KARACHI, Dec 6: The State Bank has painted an unflattering picture of the country’s economy during the current financial year, categorically saying there was no reason to expect an upturn in the growth rate.
It projected economic growth of 3.5 to 4.5 per cent and inflation at 20 to 22 per cent in 2008-09.
In its annual report for 2007-08 released on Saturday, the central bank said: “The sharp slowdown in commodity producing sector and decline in investment demand during fiscal 2008 do not bode well for the output growth in subsequent years. The urgency for macroeconomic stabilisation is now evident throughout the economy.”
In medium-to-long term, the country needed to support investment by removing structural bottlenecks, reducing the cost of doing business and increasing productivity to achieve a sustainable high growth and keeping inflation in check, it said.

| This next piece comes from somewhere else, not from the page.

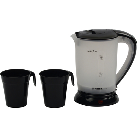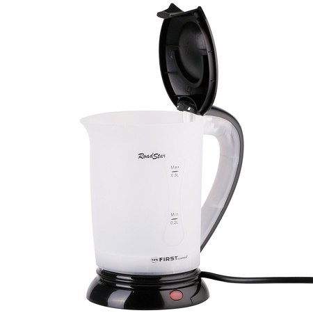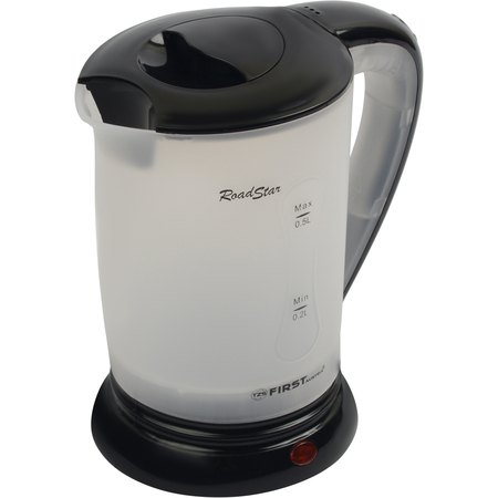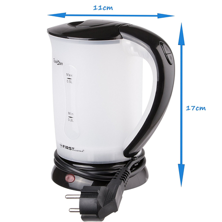 Полезный объем электрочайника First FA-5425-2-BA: 0,5л. Его вполне достаточно для удовлетворения нужд одного, двух человек в условиях поездки. Потребляемая мощность дорожного электрочайника, позволяет вскипятить воду до пяти минут. По типу нагревательного элемента, модель относится к дисковому (скрытому) типу. Преимуществом дискового типа над спиральным, является высокая площадь контакта с водой и скорость ее нагревания. Трубчатый электронагреватель (ТЭН) расположен в днище корпуса.

The central bank projected the fiscal deficit at 4.3 per cent to 4.8 per cent of the GDP (Gross Domestic Product) for 2008-09 against a target of 4.7 per cent.
The report said that the growing inflationary pressures and rising stresses on macroeconomic sustainability continued to pose serious challenges for the SBP.

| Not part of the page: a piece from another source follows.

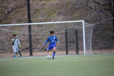 試合は先制点を許す苦しい立ち上がりとなり、さらに追加点を奪われます。それでも諦めずに攻め続け、3年生が持ち前の技術力を発揮。華麗なドリブルで相手2人をかわし、意地の1点を決めました。まさに3年生らしいゴールでした。

“A tight monetary policy remains the only way out,” it said. The SBP has been maintaining a tight monetary policy for the past four years.
The report said that as a result of the stringency, inflationary pressures were likely to ease from the second quarter of FY09, assuming there was no further adjustment in fuel and utility prices and international commodity prices remained stable.
The State Bank projected the current account deficit at 6.2 per cent to 6.8 per cent of GDP for the current fiscal year against 8.4 per cent of last year.
It said that revenue collection in FY08 fell below target, placing Pakistan among countries having the lowest tax-to-GDP ratio. Pakistan’s ratio (10 per cent) stands below the region’s average and is the second lowest in the region, Bangladesh being at the bottom.
The report said that an important contributor to slowdown in the GDP growth was investment demand, reflecting investors’ cautious response to political uncertainty, law and order and inflation expectations.
The FY08 contribution of investment demand to overall GDP remained the lowest at 0.7 per cent during the past four years. The demand was affected by a fall in the investment-to-GDP ratio -- 21.6 per cent in FY08 from 22.9 per cent in FY07.
With savings-to-GDP ratio falling to 13.9 per cent in FY08 from 17.8 per cent in FY07, despite a lower investment demand, the saving-investment gap widened by 3.2 percentage points.
“The decline in savings and investment rates both are sources of concern,” the SBP said.
It said that since the beginning of 2008-09, the government and the central bank had developed a macroeconomic stabilisation package whose implementation was under way and had helped to secure a “buy-in” from the international agencies.
“This programme is now a cornerstone of the stand-by arrangement negotiated with the International Monetary Fund for a 23-month period,” said the report.
It said that setbacks to growth had not been due to interest expenses (as these constitute a very small fraction of the cost of goods sold), but because of inflation that told on input costs as well as wages. In addition, problems of a poor infrastructure and heavy cost of doing business had magnified in the recent years as electricity outages grew.
The report said that industrial sector suffered a mix of economic, political and structural setbacks throughout FY08. Rising fuel and raw material prices and intensifying energy shortages in the country hampered industrial activities in FY08.
“The heightened political uncertainty and law & order issues during the year also took their toll.”
Other than the construction sub-sector, all other industrial sub-sectors performed below their long-term trend in FY08. The manufacturing sector’s growth continued to decline for a third consecutive year and posted lowest growth in six years during FY08.
The SBP said the deterioration in the current account deficit continued for the fourth successive year, touching 8.4 per cent of GDP during FY08.
“This is the highest level in the last thirty years,” said the State Bank, adding the country’s risk perception was heightened by ‘domestic political developments’, which compromised the country’s ability to tap resources from international capital markets.
It said that the gulf between the rich and poor was widening. “A large segment of population hovers around the poverty line. Contrary to the declining trend of absolute poverty in Pakistan, the consumption inequality has increased, reflecting a rise in the rich-poor divide.”